WHAT YOU SHOULD DO → Before copying, set aside the pictures; then restate exactly the lines from the one with "A man throws" through the last line of the records.
- - - -
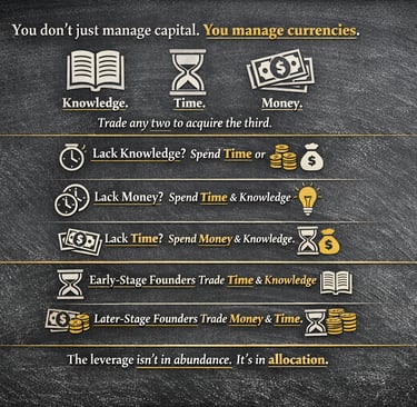 Now consider money. When money is scarce, as it is for most early-stage founders, you compensate by investing time and knowledge. You build instead of buying. You experiment instead of outsourcing. You accept inefficiency in the short term because capital is unavailable in the present. This is not a flaw in early-stage companies; it is their defining characteristic.
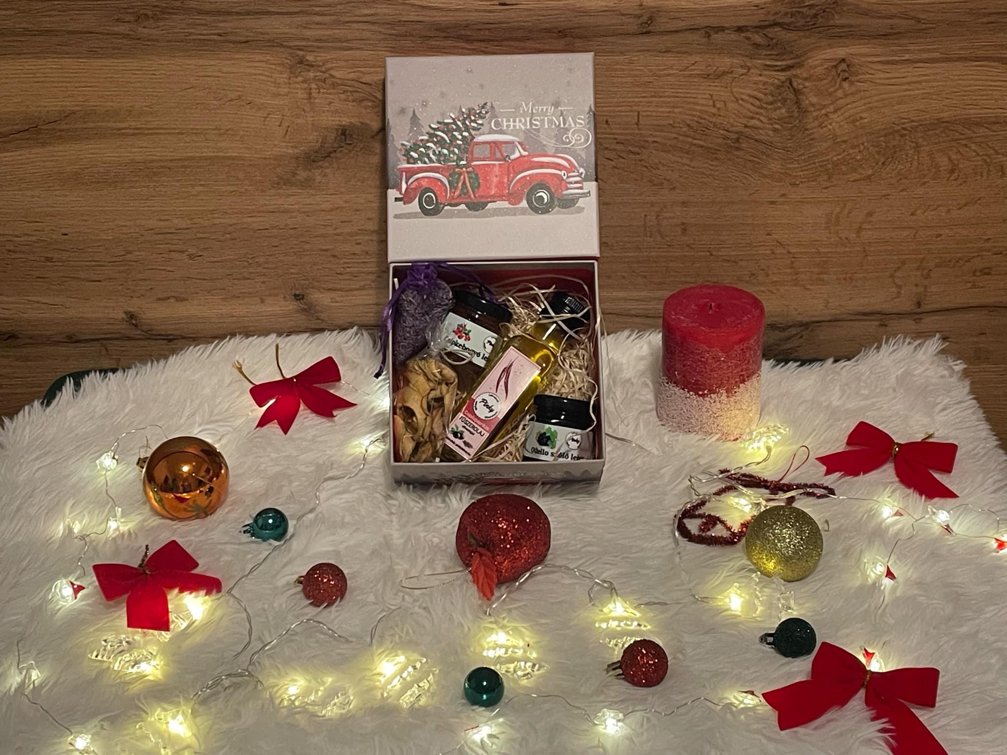 Összetétel: Csípős paprikás fűszerolaj extra szűz olívaolajjal, levendula zsák, csipkebogyó lekvár, alma chips, othello szőlő lekvár,
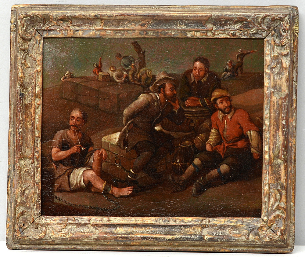 Antico dipinto raffigurante "Il riposo dei prigionieri", olio su tela (cm 23x28), in cornice antica (difetti)
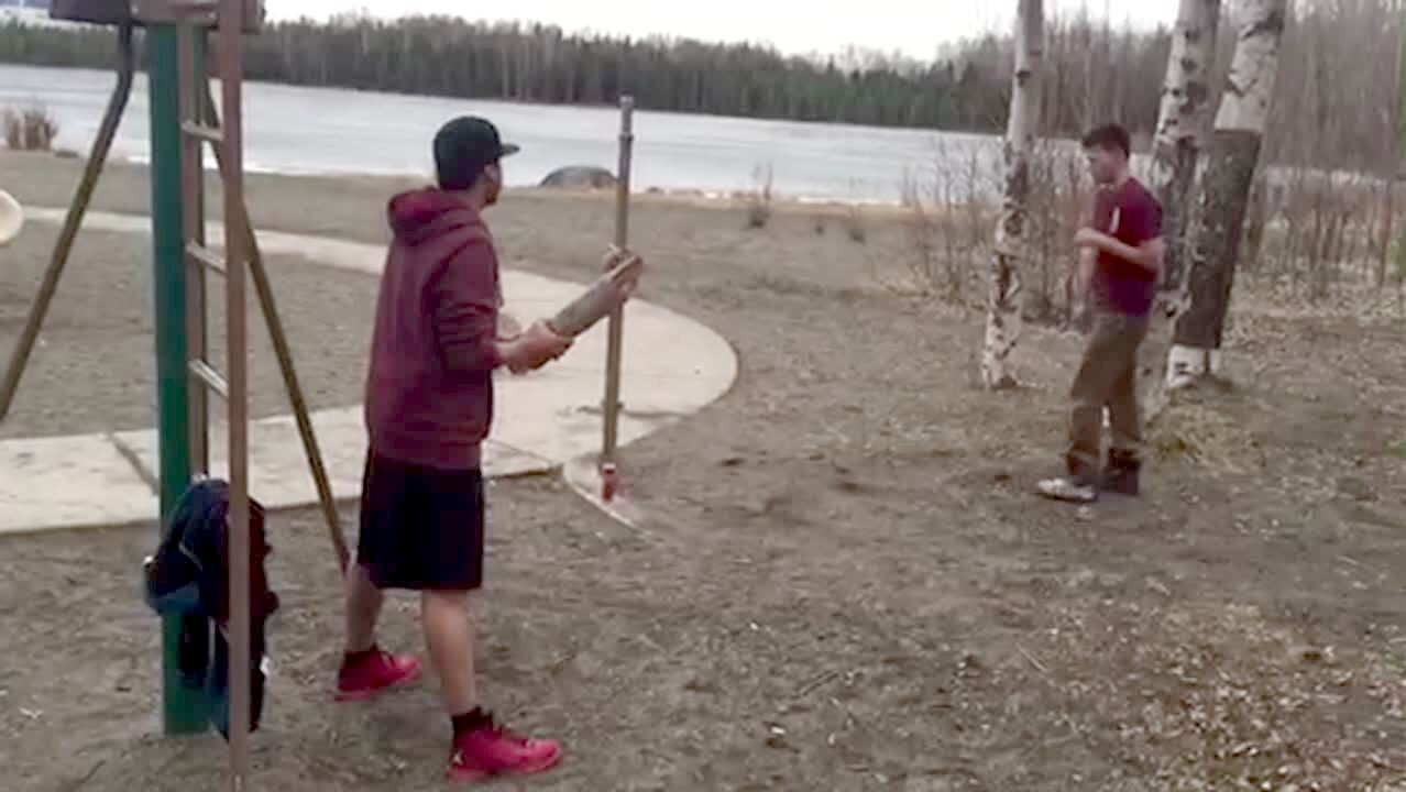 A man throws a log behind his back into a plastic bucket, convinces his friend to try, then switches to bucket with a shovel, hitting his friend in the crotch.
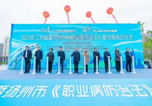 2023年4月24日,2023年江苏省《职业病防治法》宣传周启动仪式在扬州举行。江苏省卫生健康委副主任周明浩、扬州市副市长刘流、扬州市卫健委主任赵国祥、扬州经开区管委会党工委副主任臧灿甲出席启动仪式并致辞。启动仪式由扬州市卫生健康委副主任缪彦主持。今年4月25日至5月1日是全国第21个《职业病防治法》宣传周,主题为“改善工作环境和条件,保护劳动者身心健康”。本次活动由江苏省卫生健康委、江苏省民政厅、江苏省人力资源和社会保障厅、江苏省医疗保障局、江苏省总工会联合举办,江苏省疾控中心、江苏省卫生健康委药品药具管理中心、扬州市卫生健康委、扬州市经开区管委会承办,扬州市疾控中心、扬州市卫生监督所、扬州市药具管理站协办。省卫生健康委、省疾控中心、省卫生监督所、省卫生健康委药品药具管理中心相关业务部门负责同志,扬州市相关对口单位负责同志,企业和劳动者代表共约200人参加活动。
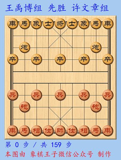 王禹博組全速進攻,一路攻入黑棋後側,黑極力抵擋,頑強糾纏,紅血戰159手,以馬炮兵仕相全對雙馬單缺象,打死馬之力,一舉勝出。
- - - -
WRITTEN SOLUTION →
 A man throws a log behind his back into a plastic bucket, convinces his friend to try, then switches to bucket with a shovel, hitting his friend in the crotch.
 2023年4月24日,2023年江苏省《职业病防治法》宣传周启动仪式在扬州举行。江苏省卫生健康委副主任周明浩、扬州市副市长刘流、扬州市卫健委主任赵国祥、扬州经开区管委会党工委副主任臧灿甲出席启动仪式并致辞。启动仪式由扬州市卫生健康委副主任缪彦主持。今年4月25日至5月1日是全国第21个《职业病防治法》宣传周,主题为“改善工作环境和条件,保护劳动者身心健康”。本次活动由江苏省卫生健康委、江苏省民政厅、江苏省人力资源和社会保障厅、江苏省医疗保障局、江苏省总工会联合举办,江苏省疾控中心、江苏省卫生健康委药品药具管理中心、扬州市卫生健康委、扬州市经开区管委会承办,扬州市疾控中心、扬州市卫生监督所、扬州市药具管理站协办。省卫生健康委、省疾控中心、省卫生监督所、省卫生健康委药品药具管理中心相关业务部门负责同志,扬州市相关对口单位负责同志,企业和劳动者代表共约200人参加活动。
 王禹博組全速進攻,一路攻入黑棋後側,黑極力抵擋,頑強糾纏,紅血戰159手,以馬炮兵仕相全對雙馬單缺象,打死馬之力,一舉勝出。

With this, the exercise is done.